Letters selected to be printed are routinely edited for clarity, space (250 words max) or to exclude personal attacks.

-- From Dan Phelps (Viper 640 Class Secretary) -- This US Sailing fees thing reminds me of something I heard when I began actively volunteering for clubs and organizations - "No good deed goes unpunished."

(Hmm -- sounds like something the curmudgeon might say.)

-- From Paul Miller (regarding Cam Lewis' note about the improvements between the last America's Cup and this one and his comparison to car racing.) -- If indeed there is a 2 minute improvement in speed over a 2-2.5 hour race, that would be about a 1% improvement. If you compare that to the top qualifying times for the Jiffy Lube 300 from 1996-99, you would see their improvement is also about 1%.

-- From Robert Bethune, Editor, Freshwater Seas -- In sailboat racing, an advantage of two minutes means the difference between victory and defeat, so the people who produced it would probably be able to avoid the tractor factory. In other words, if anybody enters a four-year-old boat in this competition, they can kiss it goodbye.

-- From Ken Miller -- I love Cam (tongue-in-cheek) Lewis' stab at IACC boatspeed gains. For this racing to be interesting for spectators (money) you have to have a close race and lots of onboard camera work, kind of like NASCAR... Unfortunately, money and TV has taken over the sport, and fortunately it has also brought it into my boob tube.

Doesn't it seem reasonable to shorten the length of the America's Cup? Five months of racing seems more like a justification to a country's capital improvements than to scoring and development. I can't see any syndicate taking a chainsaw to the hull after losing 3/5 one-point round robin races! It's never going to be 12 metres again. In interests' sake: shorten the season, run it every three years, limit it to one new boat, mandate a fleet race in every challenger's city and then tour those hulks after the cup on a marketing tour.

-- From Mark Michaelsen -- I am not a big fan of "Selling out" to corporate sponsors but the folks at our local school level have figured this one out. The San Diego school district signed a multi million dollar contract with Pepsi-cola and in return for these big bucks Pepsi has the exclusive right to place their soda vending machines in San Diego schools. No banners, no promotional cards sent home with the kids...just the right to plug their machine in as opposed to "the other guys" brand. The benefit/cost relationship is clear here and Pepsi's market share will increase to 100% in this positioning move with regard to San Diego students.
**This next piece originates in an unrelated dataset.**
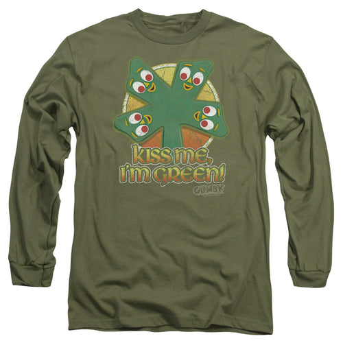 Gumby Kiss Me Mens Long Sleeve Shirt Military Green Officially Licensed

That sounds like an increase in sales for Pepsi but in the big picture you won't even be able to see the increase in their sales graph for the State of California. Pepsi made the move to capture the visibility of the youth demographic. If you don't see the "Coca Cola" banner much you have a much lower propensity to buy it in the stores. Pepsi becomes a habit for life.
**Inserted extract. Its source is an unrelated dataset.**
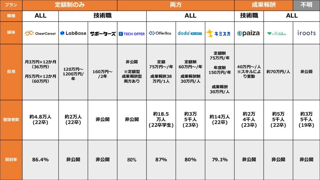 全10社ダイレクトリクルーティング媒体を徹底比較し、

Now look at sailing. In the eyes of the marketing dollar: "pristine; white horse; clean cut; wealthy." These are all images sailing carries with it and that means the very high end demographic of consumers. Somebody needs to get on the ball and get creative at US SAILING and start courting the big boys in the corporate world to be the "exclusive" or "official" , , , , sponsor of US SAILING.

From Chris Bouzaid -- When you compare the size of it with the national authorities in other countries you will find that the only country that had a sailing authority anyway near the size of US Sailing was the USSR before it fell over. Now they have nothing.
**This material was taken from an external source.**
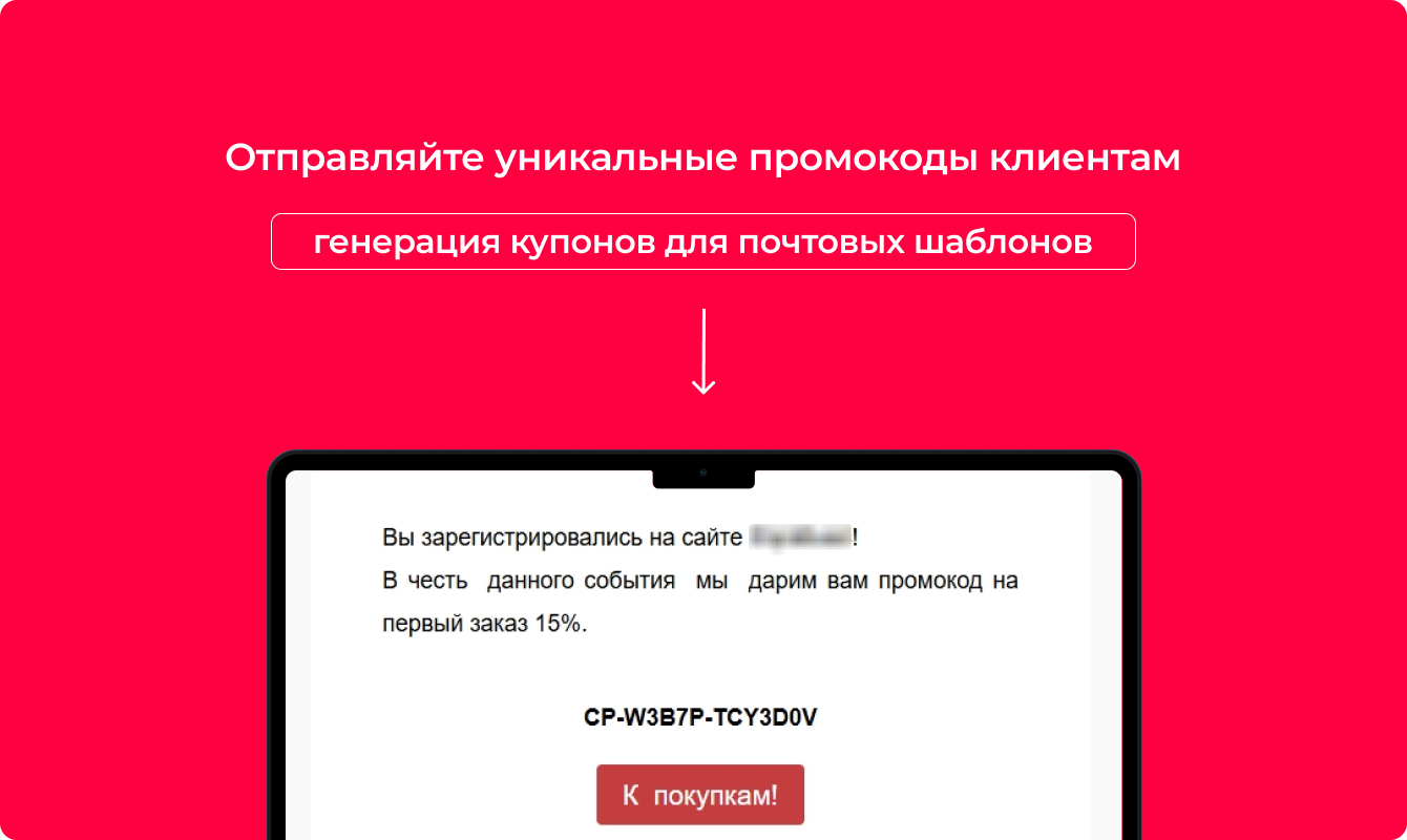 Сформулировать шаблон письма, с помощью которого клиенту будет отправляться промокод и вставить в него скопированный плейсхолдер (в админпанели: Настройки → Настройки продукта → Почтовые и смс события → Почтовые шаблоны);

In most countries your yacht club membership has a levy of something like $5 for the National authority. The yacht clubs deal with the national authority, you deal with the yacht club. You don't have to be a member of the national authority you just need to be a member of a yacht club.

We need to totally privatize our system to eliminate the waste and let the yacht clubs be more responsible to their members.

-- From Graham Kelly -- The evident purpose of the USSA certification programs (now based on an educational requirement) is that USSA considers that the program results in the provision of more competent services, which in turn results in improved racing for all competitors. I don't believe that there is any evidence that the judges or RO's benefit from the programs, and I can't think of anyone else who benefits.

This leads to a logical conclusion that the expense of the program should be borne by the beneficiaries, that is, all the competitors, through their USSA dues. (Of course, this does not address the free-rider problem of competitors who are not USSA members.)

On the expense side, it has recently been suggested that the Race Administration personnel at USSA are spending time correlating the judges list with purchase lists in order to verify that all certified judges have purchased a copy of the USSA appeals (applicable rules require each judge to "own" a copy of the appeals). IMO, this time could be better spent by more productive activities.

I think it is preposterous for USSA to use their rule-making and copyright power to enforce a monopoly on those of us who are willing to make a substantial contribution of time, effort and energy to ensure the fairness of sailing competition. By way of contrast, all the ISAF appeal decisions ("Cases") are available for downloading on the ISAF website. Perhaps there would be fewer protests if USSA followed suit.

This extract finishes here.